Salicylic acid can also be helpful for more inflammatory and bacteria-based cystic acne because of its antibacterial and anti-inflammatory properties.

In addition to treating all sorts of acne, salicylic acid can also be used to treat everything from dandruff, seborrheic dermatitis, keratosis pilaris, and psoriasis to calluses, corns, and other conditions related to the build up of excess skin cells. That’s because of those keratolytic properties — salicylic is so helpful because it’s so great at helping to detach dead skin cells from our live ones. 

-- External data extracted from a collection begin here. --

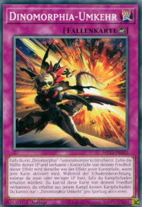Falls du ein „Dinomorphia“-Fusionsmonster kontrollierst: Zahle die Hälfte deiner LP und verbanne 1 Konterfalle von deinem Friedhof; dieser Effekt wird derselbe wie der Effekt der Konterfalle, wenn die Karte aktiviert wird. Während der Schadensberechnung, solange du 2000 oder weniger LP hast, falls du Kampfschaden erhalten würdest: Du kannst diese Karte von deinem Friedhof verbannen; du erhältst aus dem Kampf keinen Kampfschaden. Du kannst nur 1 „Dinomorphia-Umkehr“ pro Spielzug aktivieren.
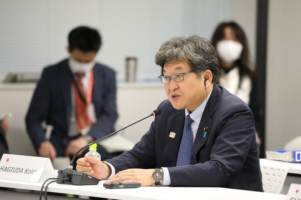 2020年9月24日,時任日本文部科學(xué)大臣萩生田光一在會議現(xiàn)場講話。新華社記者杜瀟逸攝
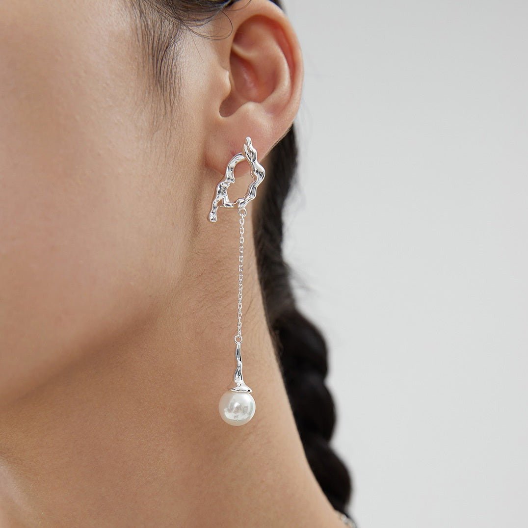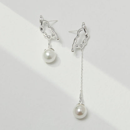 10MM Round Pearl Asymmetric Long Earrings
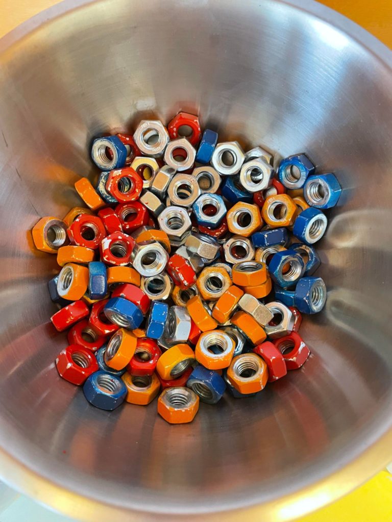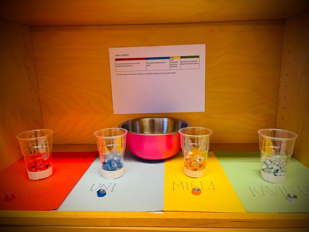 Ohje on, että aina, kun homma on hoidettu, pudotetaan värillinen mutteri aihetta vastaavaan mukiin. Mukissa oleva raja kertoo perjantaina, ovatko viikon Haasteet läpäisty vai ei. Tarpeeksi viikkoja läpäisemällä meitä kaikki odottaa yhteinen yllätys (joka on yllätys vielä itsellenikin!). Viikon voi läpäistä vain niin, että jokaisessa mukissa on riittävä määrä muttereita. Siis tasapaino ratkaisee.

How can I find salicylic acid?

Salicylic acid can be found in so many products — acne cleansers, lotions, and spot treatments, to name a few. Salicylic can be used as a cleanser when scrubbed into pores, but also as a leave on treatment in masks, lotions and spot treatments, to help really sink into the skin.

When opting for a salicylic acid-based product, the amount of salicylic acid in that product is important to note. A common mistake people make is immediately choosing the product with the highest percentage of the ingredient. Over-the-counter salicylic acid products will contain anywhere between 0.5% and 2%. If you are just beginning to use salicylic acid products, remember that it has drying effects on the skin so starting with a mild dosage is best — and often just as effective.

Who benefits most from using salicylic acid?

Anybody who wants a gentle exfoliator can benefit from salicylic acid! It’s best for tackling acne and as a pore de-gunker, but as mentioned before, it can also be used to treat dandruff, seborrhea, psoriasis, and to remove corns, calluses, and warts.

1 Comment
  1. I’ have every kind of comedone possible across my
    T zone but mostly on my chin/jawline. I’ve used sacylic acid in the past but it always left my face with small red spots all over! I think I may be allergic. I’ve also tried glycolic acid but this tends to inflame my comedones and make the situation worse. What do you recommend? I’m 27 very fair skinned Caucasian and easily prone to scarring. I have hormonal acne as well the cyclical cystic type.